The UK policy context is reinforcing domestic hosting
The UK policy context is reinforcing the focus on domestic infrastructure, which makes the “bring it home” narrative easier to defend internally. UK data centres were designated as Critical National Infrastructure in 2024, reflecting the extent to which data centre resilience is now treated as part of national economic security.
The market response suggests sovereignty requirements are moving into mainstream procurement, with organisations looking for hosting models that keep data and processing domestic and can be evidenced in assurance reviews and incident response planning.
Why UK-sovereign colocation is a practical control point
A colocation facility in the UK supports physical hosting within UK borders, while giving organisations the option to implement their own security and access controls, manage hardware and key material, and set clear operational boundaries around incident processes and privileged access. The value lies in how easily those boundaries can be documented and audited, particularly when internal policy requires confidence in where systems are hosted and who can administer them.
“Sovereignty clauses in contracts tend to be written broadly, then tested during onboarding and audit when teams get into the detail,” says Mark Lewis. “The questions that decide the outcome are usually about privileged access, support delivery, subcontractors, and what changes during incident response. When organisations anchor sensitive workloads in UK colocation, they can define those access routes more tightly and keep the evidence trail cleaner, then connect into cloud services that meet the same requirements.”

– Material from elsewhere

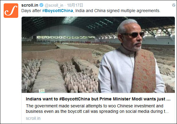 有人諷刺,民間抵制中國貨的同時(shí),莫迪訪問中國并簽訂一系列貿(mào)易協(xié)議
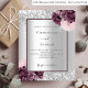 Faux silver looking background decorated with burgundy and pink florals, flowers and faux silver glitter, sparkles. Personalise and add your names and wedding details. Black letters.

What holds up when decisions are tested
A repatriation programme that reduces sovereignty risk depends on evidence, not intent, because auditors and customers will test claims during incidents and supplier changes. The organisations that handle this cleanly tend to reduce the number of environments that hold sensitive data, maintain a clear map of access routes and administrative roles, and document how recovery processes work in practice. Those steps can be applied in any hosting model, yet they are often easier to execute and evidence when critical components sit in a UK-controlled environment with clearly defined access and operational ownership.
As cloud strategies mature, “bringing data home” is becoming less about nostalgia for on-premises infrastructure and more about governance reality, because boards want the organisation to demonstrate control under pressure. UK-sovereign colocation provides one of the clearer routes for organisations that need location certainty, auditable control, and the ability to integrate cloud services through governed connectivity, while keeping the operating model defensible when it is examined in detail.